Coburg City Hall
|This article does not cite any references or sources. (June 2007)|
The original building, built by Cockram & Cooper Builders and designed by C.R. Heather A.R.V.I.A., consisted of a white dome and two wings (each with a hall), and was officially opened on 1 April 1922, by the Earl of Stradbroke, and Mayor W.E. Cash. The foundation stone reads: "Built in honour of those who served in the Great War 1914-18", referring to World War I.
The stone on the Eastern Wing (now near the new office extension) reads: "C.E. Williams for efforts to establishing a free Public Library in Coburg. 30 June 1923".
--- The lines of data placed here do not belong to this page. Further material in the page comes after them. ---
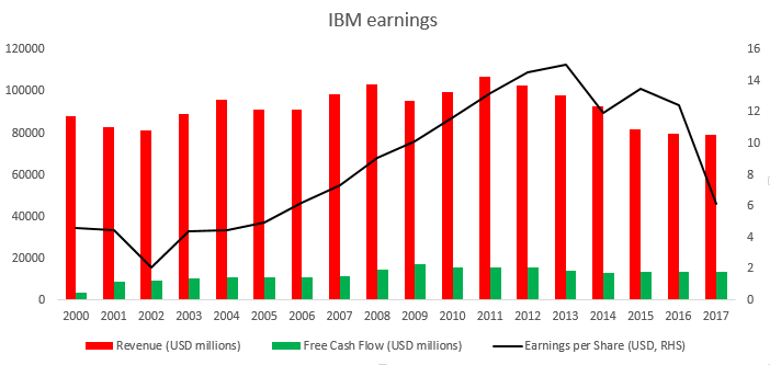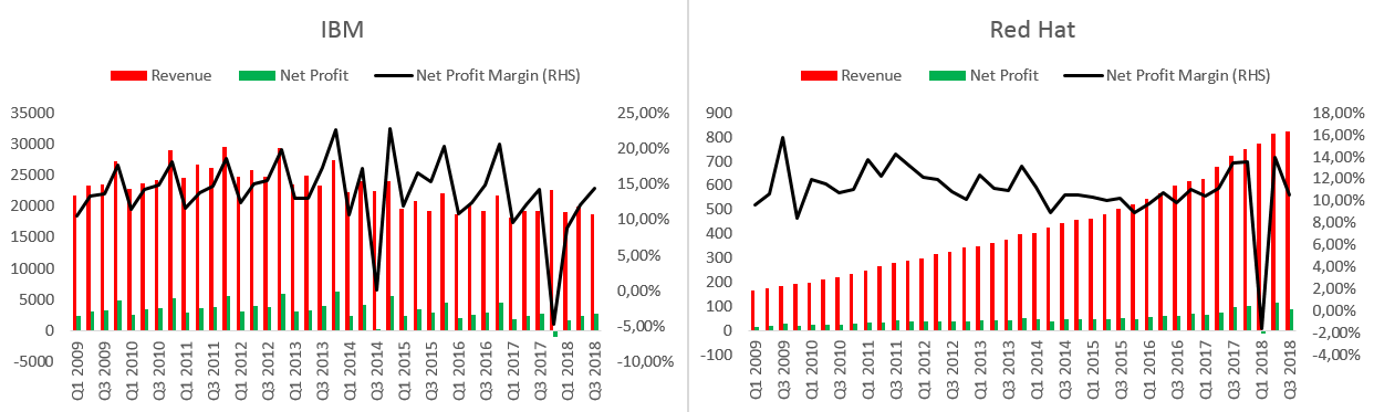 Apart from that, there is a number of juicy facts concerning Red Hat that make IBM especially interest in this deal. Most importantly, Red Hat is one of the few companies operating in the open-source software business that is able to constantly improve its sales and provide positive free cash flow. While IBM was experiencing quite solid free cash flows it struggled with revenues in the past couple of years. After the deal is completed (second half of 2019 is the expected deadline) Red Hat will continue to operate as one of IBM’s business segments. However, IBM said that it wants Red Hat to keep its headquarters, brands and practices. As we mentioned before numerous companies decided to acquire smaller entities operating in the cloud industry. Companies other than IBM were also said to be interested in acquiring Red Hat and that may be the main reason for significant premium offered by IBM. IBM announced on Sunday that it will buy Red Hat for $190 per shares, implying a 63% premium over Friday’s closing price. In turn the deal is worth aforementioned $34 billion and is the second biggest acquisition of technology company (Dell acquisition of EMC was worth $67 billion).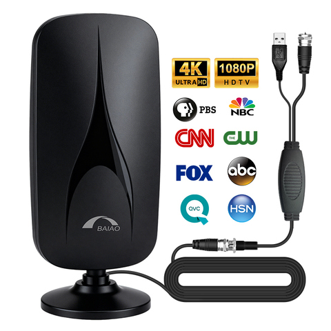 Бесплатная 4-каратная антенна UHD для дальнего приема, поддерживает Смарт-и старые телевизоры 1080P HD VHF UHF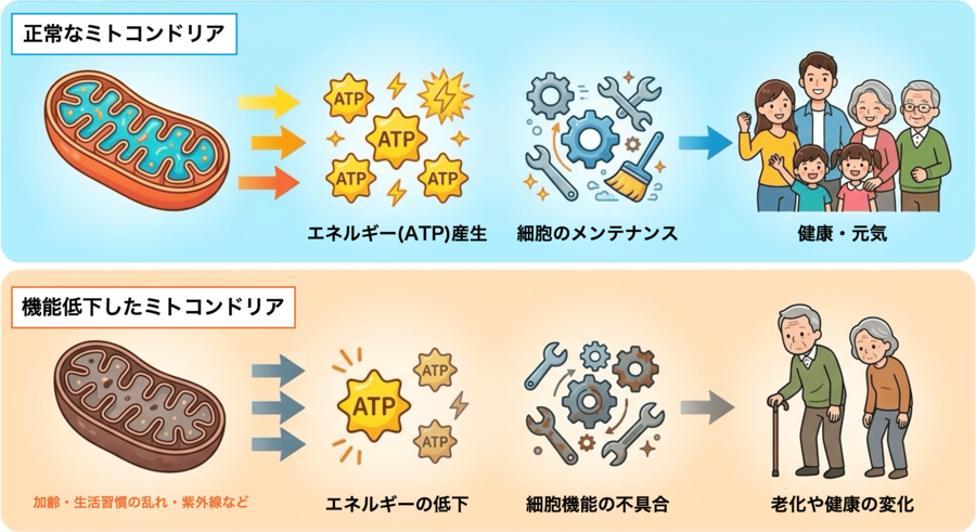 ミトコンドリアは、生命維持に必要なエネルギーを産生する重要な細胞小器官であり、細胞が正常に働き続けるために欠かせない役割を担っています。しかし、加齢やさまざまな要因によりミトコンドリア機能が低下すると、エネルギーの低下や活性酸素種の増加、細胞内の品質管理の乱れなどが生じ、老化および老化に関連するさまざまな疾患を誘発することが知られています。

The Coburg Town Hall had the first installed, Australian-designed and constructed film projection unit (Raycophone) in 1930. At the opening night Mayor Cr. Campbell read letters from the Premier and PM Scullin who wrote: "If similar steps were taken extensively the present depression would be vastly relieved". It is also reported that the dome at the front of the theatre used to show a neon sign saying "Talkies" until the late 1940s.
On the corner of Elm and Urquhart Street is the "Coburg City Band and Truby King Rooms". The foundation stone was laid on 10 October 1925 by Sir Truby King, and completed on 24 July 1926, with a keystone laid by Mayor Cr. J. Robinson. It was designed by D.McC.Dawnson C.E. and now houses the Elm Grove Infant Welfare Centre.
After the amalgamation of the City of Coburg with the City of Brunswick and the southern portion of the City of Broadmeadows in 1994 to form the City of Moreland, the City Hall became the corporate headquarters of the new Moreland City Council (City of Moreland).
Following the amalgamation, the City Hall was extended from Bell Street through to Urquhart Street, and included additional function rooms built in 2000.